Ионыч заржал из сугроба, отплевывая снег:
- Не ожидал, свиненок? Уж теперь мы поговорим по моим правилам! Сейчас только, погоди, сдохну окончательно, чтоб вдоволь мертвячьего снега наесться. Вот, уже почти…
Марик схватился за голову. Сугроб зашевелился, взорвался, осыпался серыми рыхлыми комьями.
Мальчишка сделал шаг назад: из сугроба вылезло серое отвратительное нечто, лишь отдаленно напоминающее Ионыча.
- А ведь это хорошо, - хрипя, сказал мертвый Ионыч. - Отчего же это я раньше за жизнь держался, коли снег такую силищу дает? Тут ведь всё просто: главное, знать, что не всё в жизни доделал, и снег тогда тебя обязательно оживит!

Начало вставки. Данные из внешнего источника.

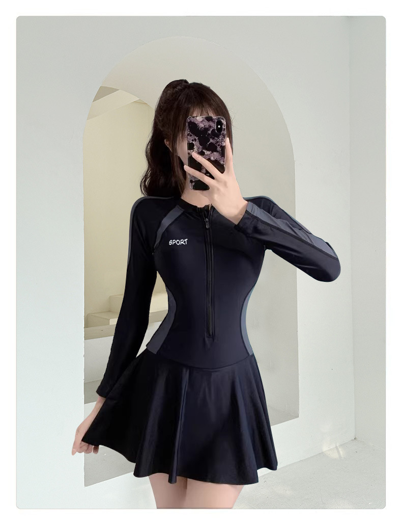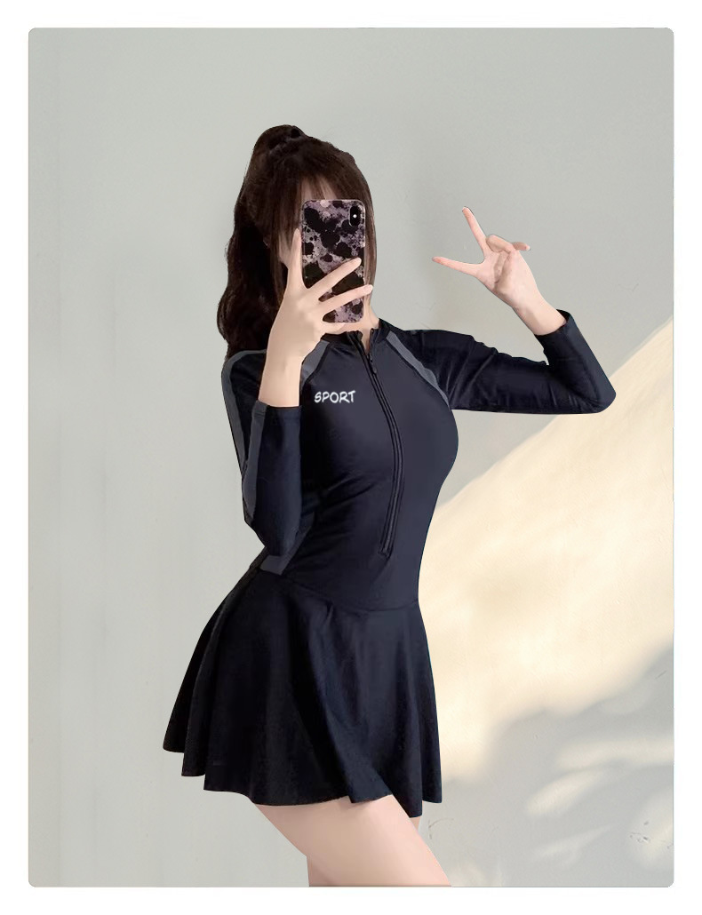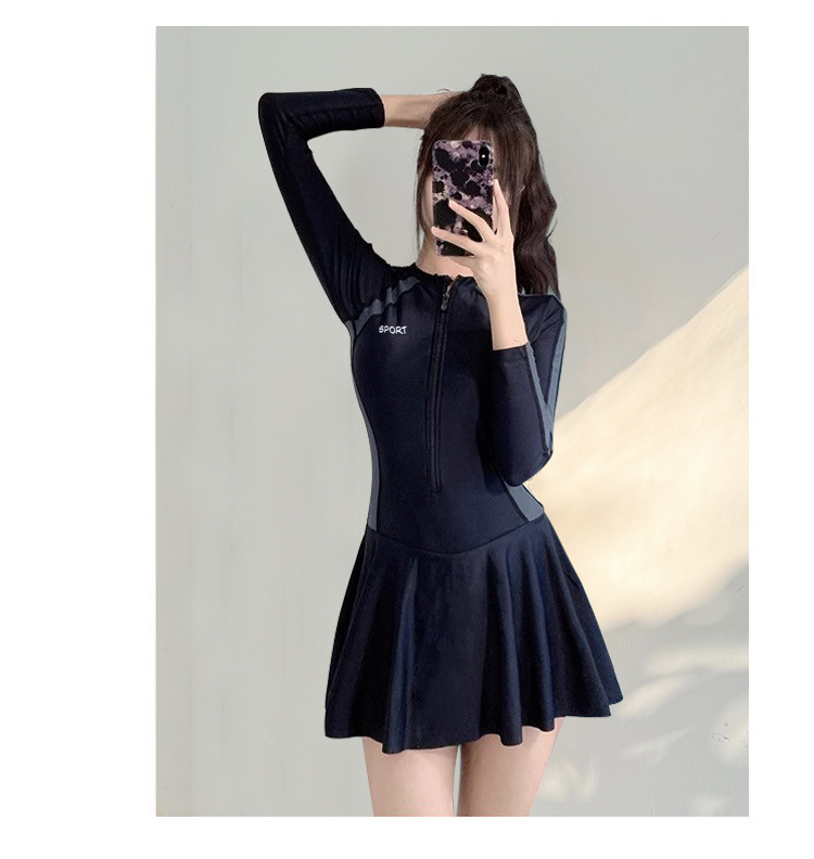 여성용 인기 수영복, 하이엔드 긴팔 자외선 차단 원피스, 배 커버, 슬리밍, 보수적인 스타일의 스포츠 수영복 도매스토어 가기
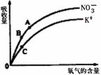 27.右图是胡萝卜在不同的含氧情况下从硝酸钾溶液中吸收K+ 和NO3- 的曲线。影响A、B两点和B、C两点吸收量不同的因素分别是

Марик согнулся, приготовившись к атаке.
- Вот только силы много не бывает, - заявил Ионыч. - Зачем мне мало силы, когда можно иметь много?! Скажи, свиненок? Ну что, ну что насупился? Думаешь, опять честно драться с тобой, мелким отморозком, буду? Хватит, дрались уже. Теперь я вас сожру, - он развернулся, - чуть позже сожру, зато всех! Единым серым организмом вернусь и сожру вас! - Ионыч с невиданной для него прытью длинными скачками последовал на юг, в сторону бывшего Пушкино.
Марик, обессилев, упал на колени и заплакал.
Он плакал впервые за много-много лет.
Глава четвертая
Марик поспешил Кате на помощь. Девушка выползла из чулана и круглыми от ужаса глазами смотрела на мальчика.
- Маричек, скажи, что там за крики были? Что с дядей Ионычем?
Марик отвел глаза.
- Не скрывай от меня правды, Маричек, - прошептала Катя. - Скажи, дядя Ионыч… умер?
- Умер, - буркнул Марик.
Катя закрыла глаза ладонями.
- Горе-то какое, - заплакала она, - какой он хороший был человек, заботился обо мне, - Катя обняла себя за плечи, подняла голову и закричала страшным голосом: - Это я виновата, я, только я одна! Дядя Ионыч всё о варежках мечтал, чтоб в ромбиках были, а я ему, тварь неблагодарная, так и не связала! Я виноватая и нет мне теперь прощения!
Марик сел рядом с ней, обнял, прижал Катину голову к своей груди.
- Кать, блин… ну чего ты? Ну не переживай ты так…
- Это я виновата, Маричек, - сокрушалась девушка, - я дядю Ионыча не слушалась, я ему наперекор делала… зачем? Ради чего?
- Да не окончательно твой Ионыч умер, - буркнул Марик. - В серого он превратился и убег в сторону пушкинской некромассы.
Катя схватила Марика за рукав:
- Маричек, родненький, правда? Правда же?
- Правда, - вздохнул мальчик. - Клянусь.
- Ох, облегченье-то какое! - Катя прижала ладони к груди. - Слава богу! Есть все-таки бог на этом свете, Маричек, есть!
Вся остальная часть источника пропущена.